Doug Blair

Personal information
- Full name: Douglas Blair
- Date of birth: 26 June 1921
- Place of birth: Ecclesfield, Sheffield, England
- Date of death: July 1998 (aged 77)
- Place of death: Wiltshire, England
- Position: Inside forward

Senior career*
- Years: Team / Apps / (Gls)
- 1939–1940: Blackpool / 0 / (0)
- 1947–1954: Cardiff City / 204 / (30)
- 1954–1957: Hereford United / ? / (?)

= Doug Blair (footballer) =

English footballer

Douglas Blair (26 June 1921 – July 1998) was an English professional footballer. He began his career at Blackpool but never featured in a Football League match for the club following the outbreak of the Second World War. On his return to football in 1947, he joined Cardiff City and went on to make over 200 appearances for the club.

==Personal life==
Born in Ecclesfield, Sheffield, Blair was the son of Scottish international Jimmy Blair Sr. and brother of Jimmy Blair Jr.

==Career==
Blair started out at Blackpool, signing for the club in May 1939. However the outbreak of the Second World War soon after meant he never featured for the club in the Football League. He played in wartime fixtures for the club during the 1939–40 season but was conscripted and left the club.

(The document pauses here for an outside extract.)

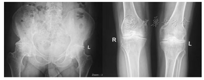 6.功能康复锻炼。术后功能康复锻炼是关节置换治疗血友病性关节炎的重要组成部分,是改善关节功能、提高生命质量的重要途径[24],由于血友病患者常常关节周围肌肉挛缩、关节畸形,功能康复锻炼难度大[25],功能康复锻炼须在康复师的指导下进行,并遵循个性化和循序渐进的原则[7]。对于无抑制物的血友病A型血友病性关节炎患者术后功能锻炼的时机,专家共识[7]推荐在术后24 h开始,锻炼应在凝血因子替代治疗保护下进行,高娜等[26]认为输注凝血因子后6 h内凝血因子活性在40%以上,这一阶段是功能锻炼的安全期,据此我们制订了个性化的三阶段康复锻炼计划。(1)早期训练(术当日):手术当日患者麻醉完全消退后为患者按摩股四头肌和腓肠肌,指导患者活动双侧足趾及踝关节,并抬臀每2小时1次;术后6 h抬高床头,指导患者行踝泵运动,以及深呼吸、咳嗽训练。(2)中期训练(手术次日至1周):术后次日晨查凝血Ⅷ因子活性(FⅧ:C)为116.5%,继续上述训练,膝部引流管拔除后指导行患肢股四头肌等长收缩训练,健肢等张收缩训练等肌力训练,上述训练项目10次/组,10组/d,通过训练促进血液循环,预防静脉血栓的形成,同时可避免肌肉萎缩,利于关节功能恢复;术后48 h髋部引流管拔除后指导继续上述训练的同时行臀肌等长收缩训练,10次/组,10组/d,利于预防肌肉萎缩;术后第4天晨查凝血Ⅷ因子活性(FⅧ:C)为91.6%。指导患者在床上做髋、膝关节主动屈伸锻炼,并按摩下肢肌肉3~4次/d,目的是提高肌力,为离床活动及负重奠定基础;术后5 d开始指导患者进行上下床、离床坐及站立等体位转移练习。离床坐30 min后扶助行器辅助站立3 min,患者感觉无头晕、恶心,扶助行器在病房内缓步行走5 m,此后逐渐延长离床坐、站立时间,加大行走距离。(3)后期训练(术后第2周开始):持续监测凝血Ⅷ因子活性在45%~65%。继续股四头肌、踝泵及髋膝关节的主动屈曲训练,重点进行助行器辅助站立、拄拐行走及步态训练。在康复师的指导下,经过上述三阶段康复锻炼,患者术后18 d时能独立坐起,可扶助行器下床活动;术后第32天影像学检查人工髋、膝关节位置良好,于术后第34天出院。
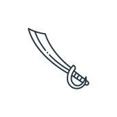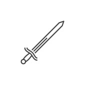 Zdjęcie "Ikona wektora miecza. Miecz edytowalny udar. symbol liniowy miecza do stosowania w aplikacjach internetowych i mobilnych, logo, mediach drukowanych. Cienka ilustracja. Rysunek zarysu izolowanego wektora." może być wykorzystywane do celów osobistych i komercyjnych zgodnie z warunkami zakupionej licencji Royalty-free. Obraz jest dostępny do pobrania w jakości wysokiej rozdzielczości do 5760x3840.

While undergoing his army training, Blair featured in eight wartime fixtures for Aldershot, scoring four times. He later played in one fixture for Leeds United on 25 August 1945 against Chesterfield.

Following the return of league football, Blair joined Cardiff City, where his father Jimmy had played during the 1920s, in August 1947. He became a vital part of the Bluebirds side in the following years and helped them to win promotion to the First Division during the 1951–52 season. Blair scored thirty goals during his career at Cardiff, all scored in league competition. He left Ninian Park in 1954 to sign for Hereford United where he finished his career. He made 113 appearances for Hereford and scored 31 goals for the Edgar Street club.